Into her room I went. The bed was hastily made, but theonly thing out of place were a few dresser drawers not shut all the way. I took the time to shut them.

In her walk-in closet, jeans and sweatshirts were all over one side, a sports bra hanging on the back of the door handle, socks strewn about. The other side had her work clothes, neatly arranged by color. I reached out and touched a blue shirt I had always liked her in. My phone vibrated in my pocket.

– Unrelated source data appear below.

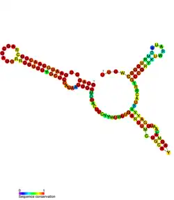 ![]() Conserved secondary structure of FnrS RNA. The colour of nucleotides indicate their conservation within the family. | |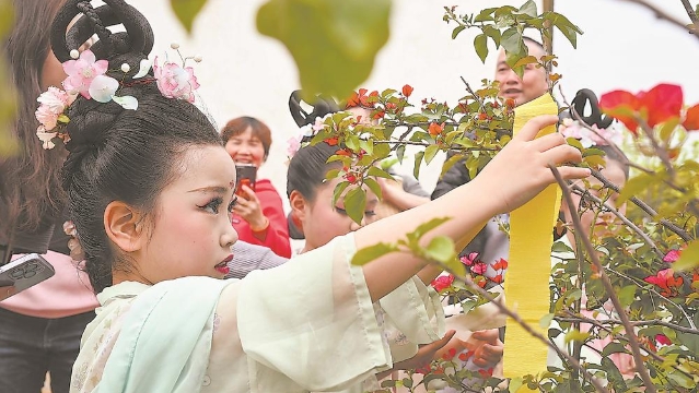 23日,2024闽都花朝节活动在福州市仓山区梁厝特色历史文化街区举行,市民游客以簪花礼、祭花神、赏红护花、插花体验等一系列传统文化活动,迎接百花盛开的春天,展现福建省级非遗——“花朝节传统习俗”风采。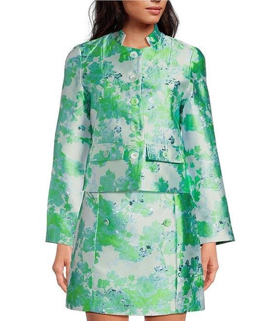 Abbey Glass Metallic Brocade Button Front Onassis Jacket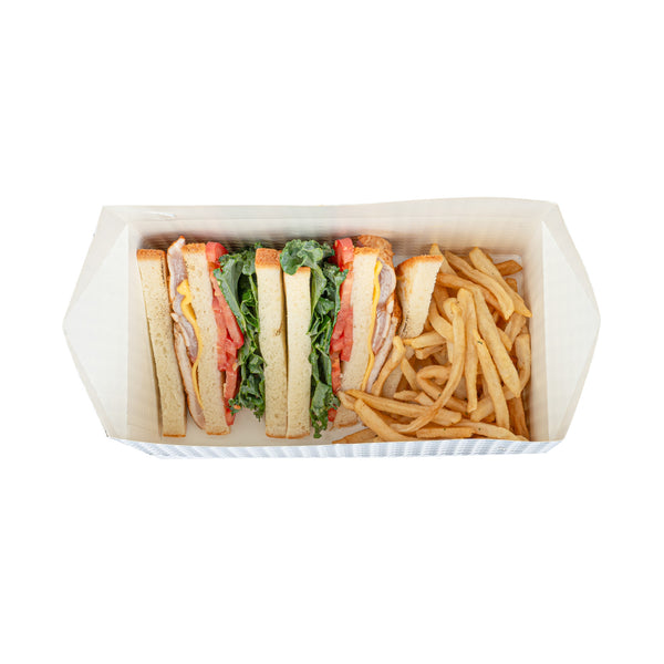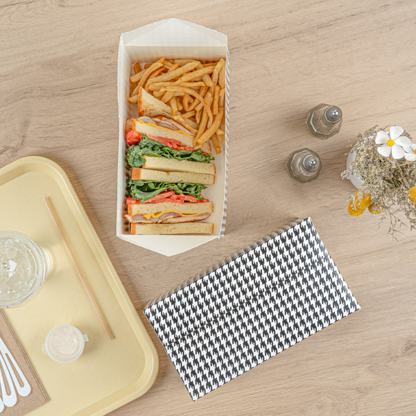 Enhance your foodservice efficiency with spill-resistant takeout solutions. The Bio Tek Spill-Resistant Takeout Box features a fast top closure, ensuring a secure seal that prevents spills during transport—perfect for takeout boxes. With its greaseproof lining, this black paper box effectively prevents oil leaks, maintaining the freshness of your meals while enhancing the presentation with a stylish black houndstooth pattern. Its recyclable paper construction minimizes waste, making it an eco-friendly choice that aligns with sustainability initiatives. Ideal for large portions, the 80-ounce capacity accommodates family-sized meals or bulk orders, and its 9 inches by 5 inches by 5 inches dimensions provide sturdy support for heavy or saucy dishes. This hot food container is suitable for both hot and cold foods, offering versatility for various menu items. Elevate your takeout services with reliable and environmentally conscious packaging. Each order includes 100 Bio Tek Spill-Resistant Takeout Box.

Looking down, I saw that it was her.

Robert—he hit me, he hit me hard. I’m scared. I think he’s going to kill me

Never have I both run and stumbled so quickly.

I twisted my knee trying to get down the stairs and dropped my phone because my hands were shaking so badly. It crashed to the wood floor, and I had a horrid fear that I had just broken it. Neither Steph nor I owned a landline, and I had to call 9-1-1. Now. What would I do if it was broken?

Urgently, I picked it back up with hands that were into full-blown tremors now. Oh, thank goodness, it seemed to be OK, just a crack on the cover.

Beads of sweat were forming on my forehead. My throat felt hoarse. I wondered if I would be able to talk to the 9-1-1 operator. Forcing my fingers to function, I pushed those dreaded three buttons that no one wants to use and held the phone to my ear, my heart thumping so loudly I could hear it, blood pulsing at my ears.

“9-1-1, what’s your emergency?”

“My friend is in trouble. She texted me that a man is trying to kill her. Someone she has been seeing. His name is Trent…”

“Sir, calm down, where is her last known location?”